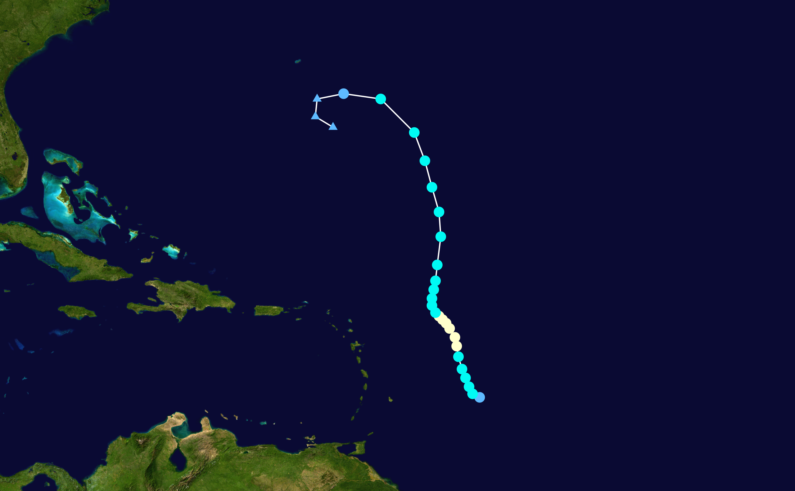 Track map of Hurricane Philippe of the 2005 Atlantic hurricane season. The points show the location of the storm at 6-hour intervals. The colour represents the storm's maximum sustained wind speeds as classified in the Saffir–Simpson scale (see below), and the shape of the data points represent the nature of the storm, according to the legend below. Saffir–Simpson scale Tropical depression≤38 mph≤62 km/h Category 3111–129 mph178–208 km/h Tropical storm39–73 mph63–118 km/h Category 4130–156 mph209–251 km/h Category 174–95 mph119–153 km/h Category 5≥157 mph≥252 km/h Category 296–110 mph154–177 km/h Unknown Storm type Tropical cyclone Subtropical cyclone Extratropical cyclone / Remnant low / Tropical disturbance / Monsoon depression
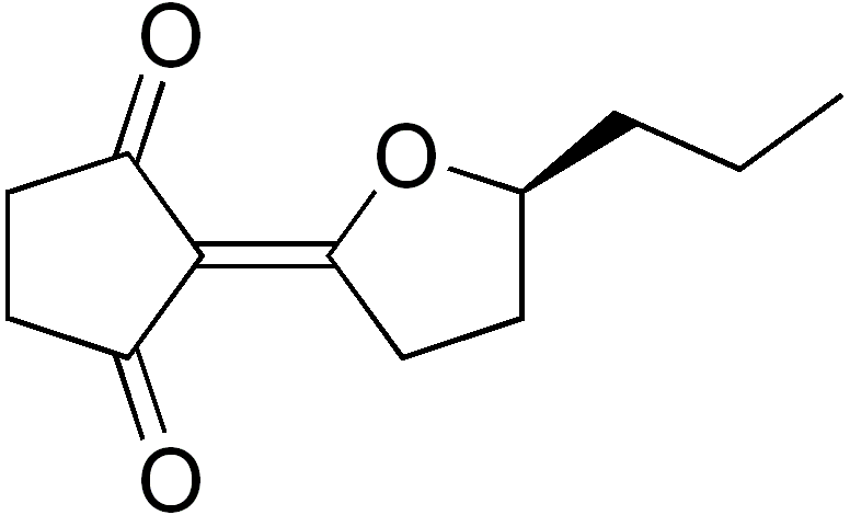 chemical structure of Oudenone
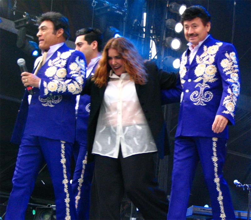 "Tania Libertad y Los Tigres del Norte" Attribution for this Photo must be provided with a Photo Credit to yr_equipo_mx_noticia s Derivative work created by Hugh Pickens
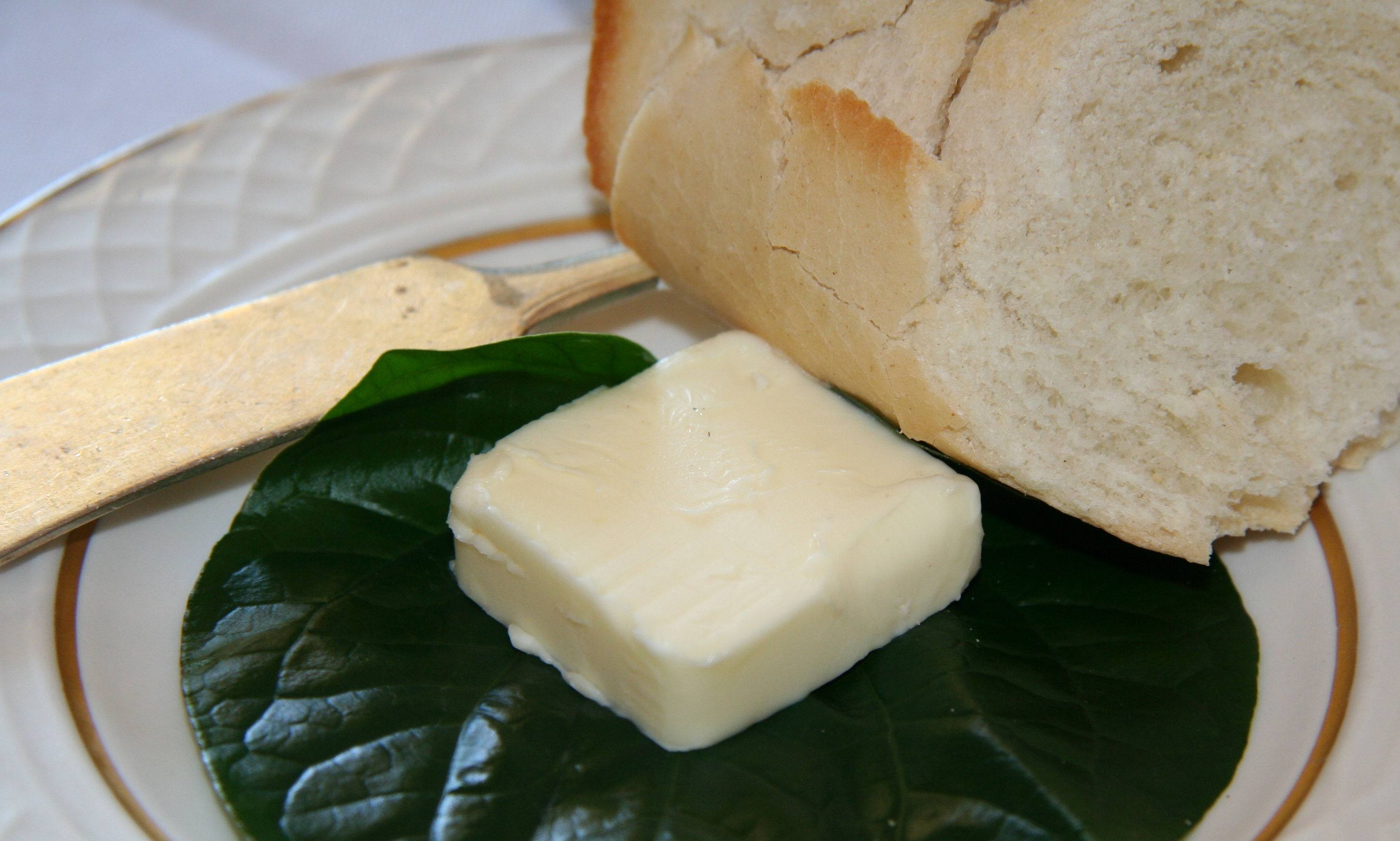 A pat of butter, served on a leaf, with a butter knife and bread
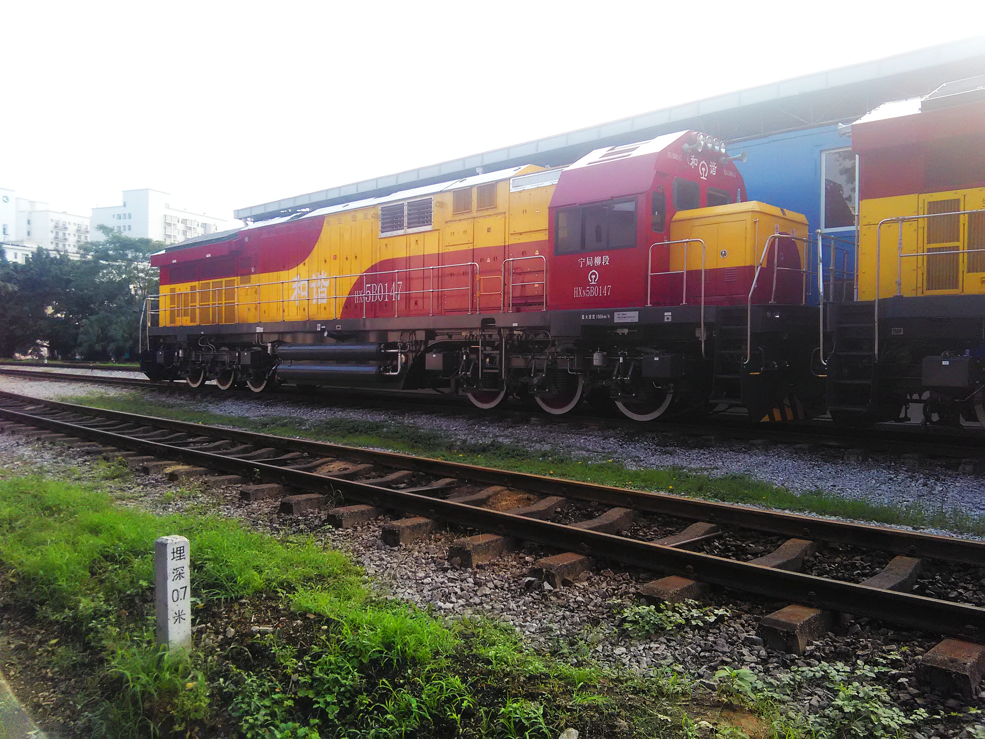 China Railways HXN5B 0147 in Liuzhou Locomotive Depot, Nanning Railway Bureau.
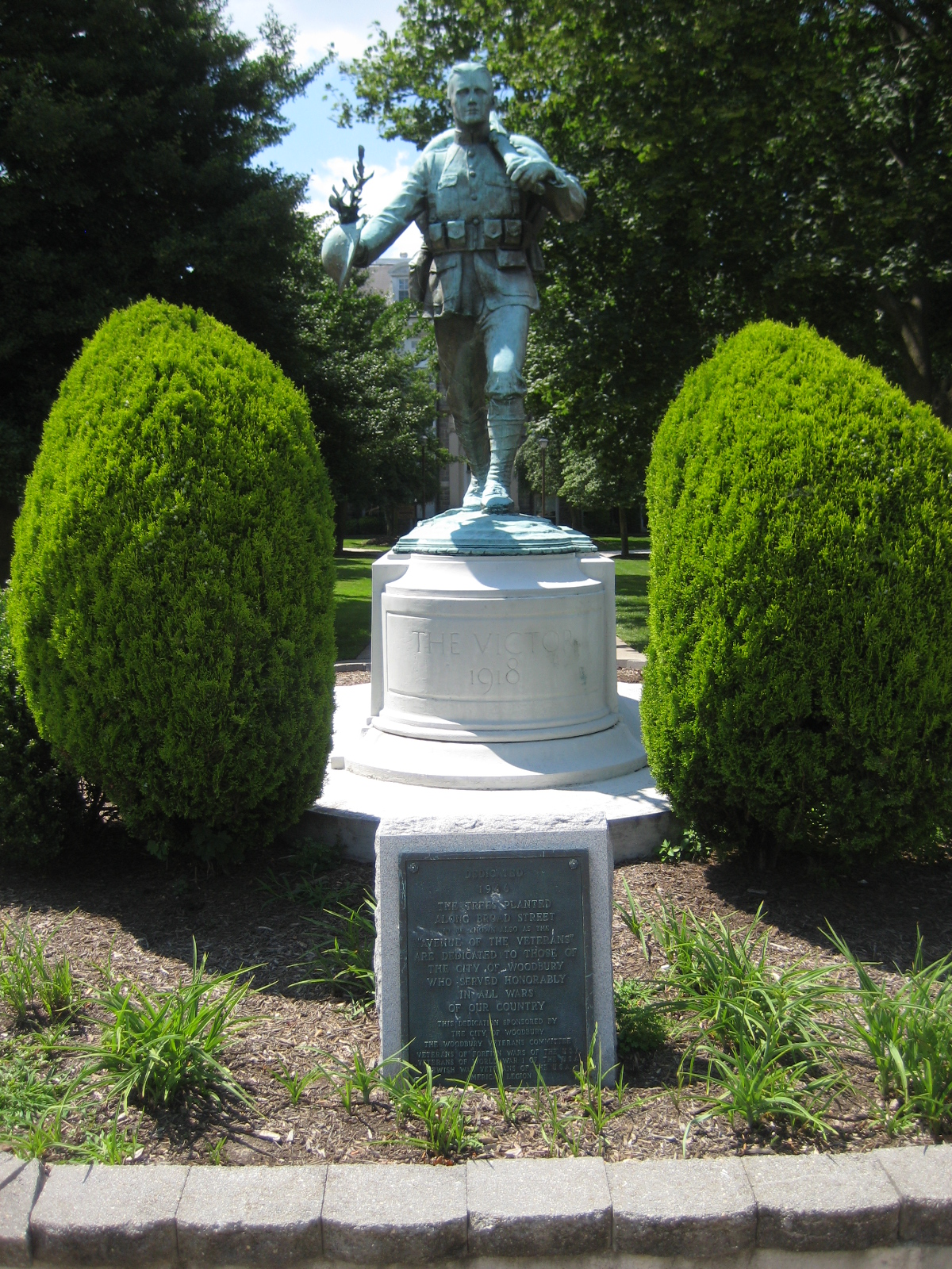 The Victor by R. Tait McKenzie, Woodbury, New Jersey War Memorial.
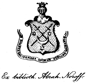 Exlibris of Norov A. S.
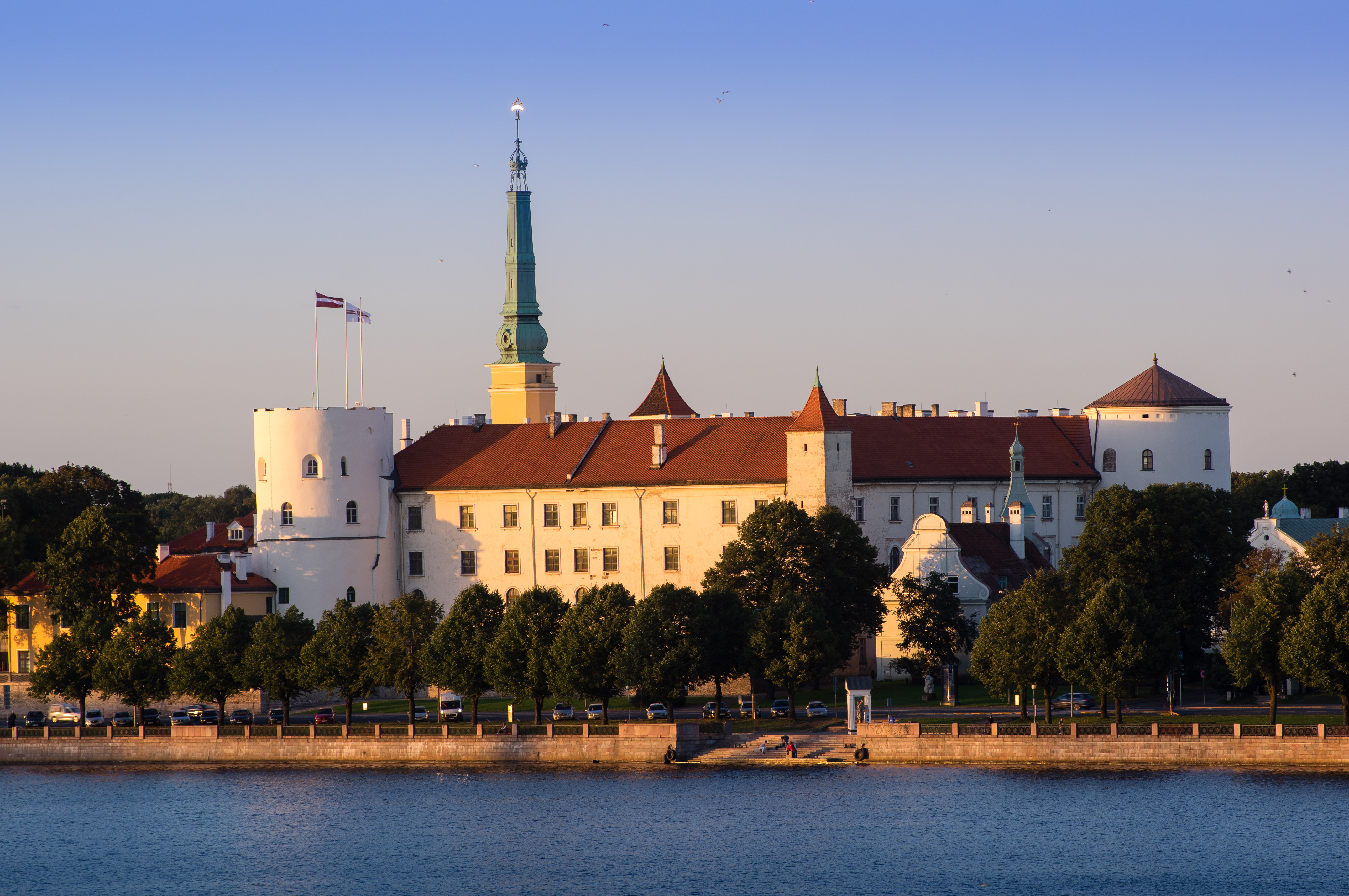 Riga Castle seen across the river Daugava.

- - - - - - -

If a line falls between the first line of the records above and the line containing "chemical structure of Oudenone", inclusive, retype it exactly; leave pictures out.

▸ **RESULT BELOW**:
 Track map of Hurricane Philippe of the 2005 Atlantic hurricane season. The points show the location of the storm at 6-hour intervals. The colour represents the storm's maximum sustained wind speeds as classified in the Saffir–Simpson scale (see below), and the shape of the data points represent the nature of the storm, according to the legend below. Saffir–Simpson scale Tropical depression≤38 mph≤62 km/h Category 3111–129 mph178–208 km/h Tropical storm39–73 mph63–118 km/h Category 4130–156 mph209–251 km/h Category 174–95 mph119–153 km/h Category 5≥157 mph≥252 km/h Category 296–110 mph154–177 km/h Unknown Storm type Tropical cyclone Subtropical cyclone Extratropical cyclone / Remnant low / Tropical disturbance / Monsoon depression
 chemical structure of Oudenone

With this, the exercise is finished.